One day I did see a truck going slowly down a nearby main street in the afternoon, as residents and businesses from that street and side streets ran out with their bags. No one here can put bags out for pickup because they would be shredded by the street dogs, and this being Mexico, there are no dumpsters.

So I am waiting again this Sunday morning because the landlord’s son told me a prívate truck comes, but I am doubtful. No one else on the street seems to be prepared for or anticipating a pickup. Do people put garbage in their car trunks and drive it somewhere, I wonder? I don’t have a car.

I am liking Tlaxcala quite a bit BUT the information infrastructure here is terrible.
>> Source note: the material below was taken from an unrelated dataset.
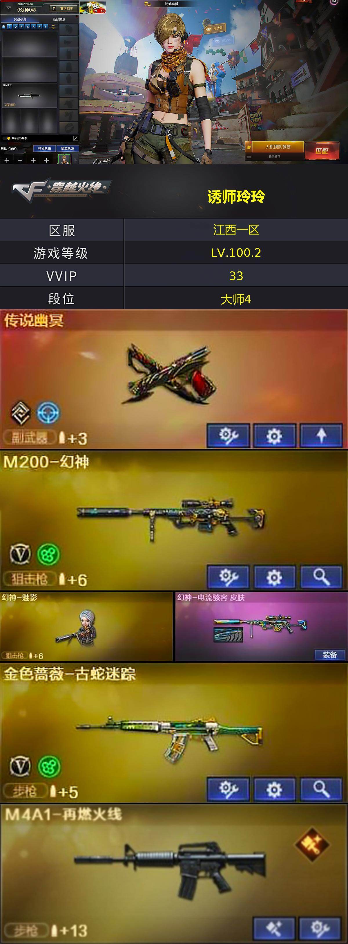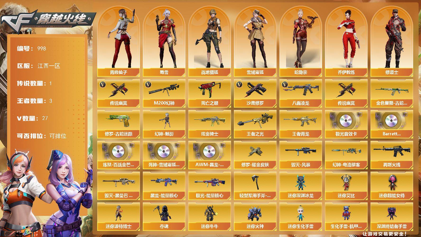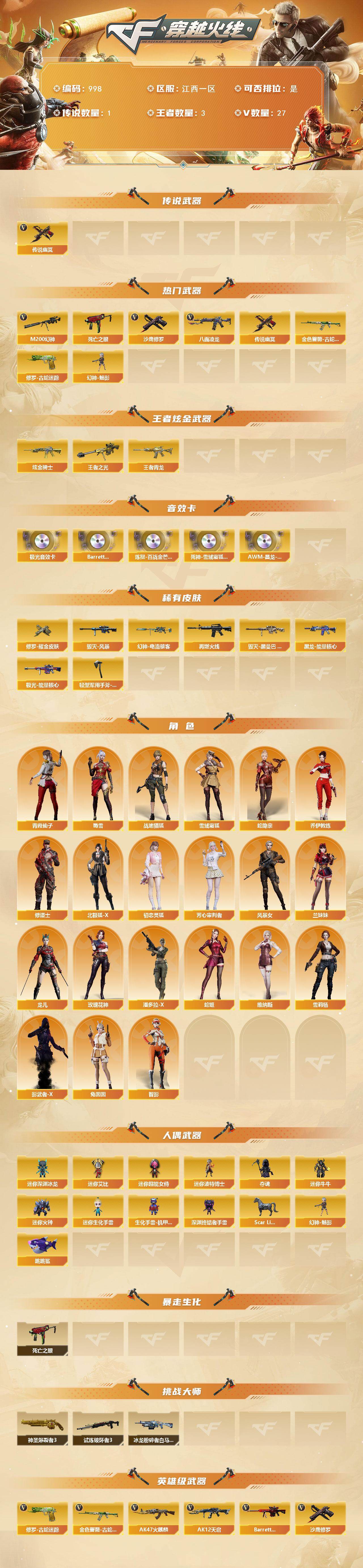 - [14658586]33V/100级/元帅/6王者/3英雄/QBZ03-金色蔷薇/Scar Light-白虎/M200-幻神/C.A.T/M4A1-黑骑士/加特林-炼狱/王者之啸/王者之击/AWM-裁决-凤灵皮肤/雷神-耀金皮肤/火麒麟-轻羽皮肤/毁灭-BEAN-2020MVP/毁灭-英雄计划 皮肤/轻型军用手斧-再燃火线/迷迭香/王者樱-热浪之夏/乔伊教练/云海玲珑/嘉年华灵狐/灵动武士/龙儿-小淘气/潘多拉-甜心教官/天龙-曼陀罗/AWM-灵狐-15周年嘉年华/生化手雷-机甲核心/超级对讲机/6炼狱/冰龙粉碎者-白马银枪/神圣爆裂者-末日/AK47-火麒麟/AK47-麒麟/M4A1-黑龙/M4A1-雷神/M4A1-武圣/AK47-黑鲨/M4A1-龙血/无影-神兵利器/AK47-黑武士-锦绣游龙/黑骑士-海王/Barrett-毁灭/AWM-裁决/烈龙-悦心-觉醒版/AA-12-雷霆/沙鹰-天神/屠龙/龙啸/麒麟刺-百战金芒/王者之啸-觉醒版/高爆手雷-云龙/闪光弹-云龙/烟雾弹-云龙/M4A1-赤狱骑士/CFS限定背包/女皇终结者-魔龙之吻/救世主-黑桃战神/黄金生化钩/绿色巨人/灵魂忍者/变异宝贝/迷雾幽灵/生化弹匣/夺命之镰/防化服/金色流光-枪王排位/星辰流光-枪王排位/流光-鎏金之域/防弹头盔/防弹衣/C4工具钳/手雷包

For example, the bus (really combi) routes and schedules are not online and seemingly nowhere to be found.


----------



## citlali (Mar 4, 2013)

In San Cristobal the garbage truck in the historical center where I live come by at 6am, twice a week and we have to put out the bags when the bell rings. We cannot leave anything out because of the marauding dogs hich by the way are not friendly if you try to stop them.
In Ajijic the truck on our privada come by twice a week and there is no telling at what time , The garbage stays on the street all day. Thankfully they are few marauding dogs here.. The best thing to do is ask your neighbors what todo. Is there a president of barrio or colonia where you live? Ask him or her .
In Chiapas we even have a person designated on the street to be the neighborhood contact and watch dog. Talk to the neighbors, many do not have a car and know what to do. In San Cristobal we also have Guatemaltec kids who for a tip will take your garbage away.
Each area is differnt so make friends with the neighbors.


----------



## PatrickMurtha (Feb 26, 2011)

Interesting comments! I think that because my privada is very new and only 1/4 built out, no one is really taking responsibility for it. The street name is not even marked on Google Maps yet.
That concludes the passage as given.